====== RECORDED DATA
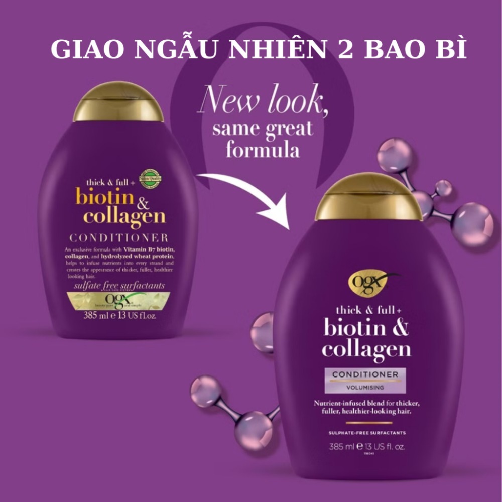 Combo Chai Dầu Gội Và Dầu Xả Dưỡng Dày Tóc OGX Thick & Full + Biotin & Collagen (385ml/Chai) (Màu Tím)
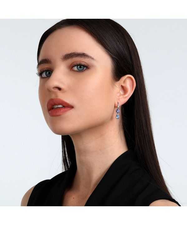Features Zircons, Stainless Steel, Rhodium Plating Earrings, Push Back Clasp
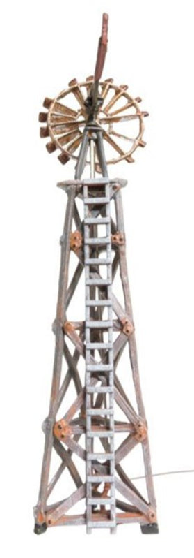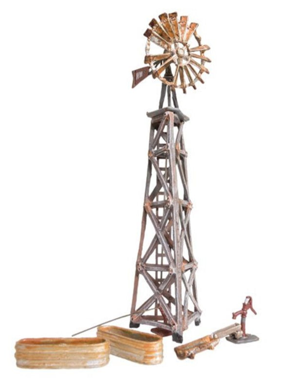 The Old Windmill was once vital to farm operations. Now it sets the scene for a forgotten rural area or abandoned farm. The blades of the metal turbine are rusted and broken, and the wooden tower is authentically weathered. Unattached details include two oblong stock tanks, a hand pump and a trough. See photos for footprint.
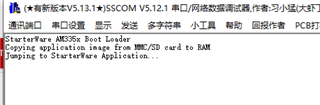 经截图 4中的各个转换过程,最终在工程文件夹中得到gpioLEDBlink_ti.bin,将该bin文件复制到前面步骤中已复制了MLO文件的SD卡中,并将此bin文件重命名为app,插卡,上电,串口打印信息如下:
============
*PROBLEM STATEMENT*
Ignore the images and quote every line of the listing exactly.

*COMPLETED TASK*
 Combo Chai Dầu Gội Và Dầu Xả Dưỡng Dày Tóc OGX Thick & Full + Biotin & Collagen (385ml/Chai) (Màu Tím)
Features Zircons, Stainless Steel, Rhodium Plating Earrings, Push Back Clasp
 The Old Windmill was once vital to farm operations. Now it sets the scene for a forgotten rural area or abandoned farm. The blades of the metal turbine are rusted and broken, and the wooden tower is authentically weathered. Unattached details include two oblong stock tanks, a hand pump and a trough. See photos for footprint.
 经截图 4中的各个转换过程,最终在工程文件夹中得到gpioLEDBlink_ti.bin,将该bin文件复制到前面步骤中已复制了MLO文件的SD卡中,并将此bin文件重命名为app,插卡,上电,串口打印信息如下:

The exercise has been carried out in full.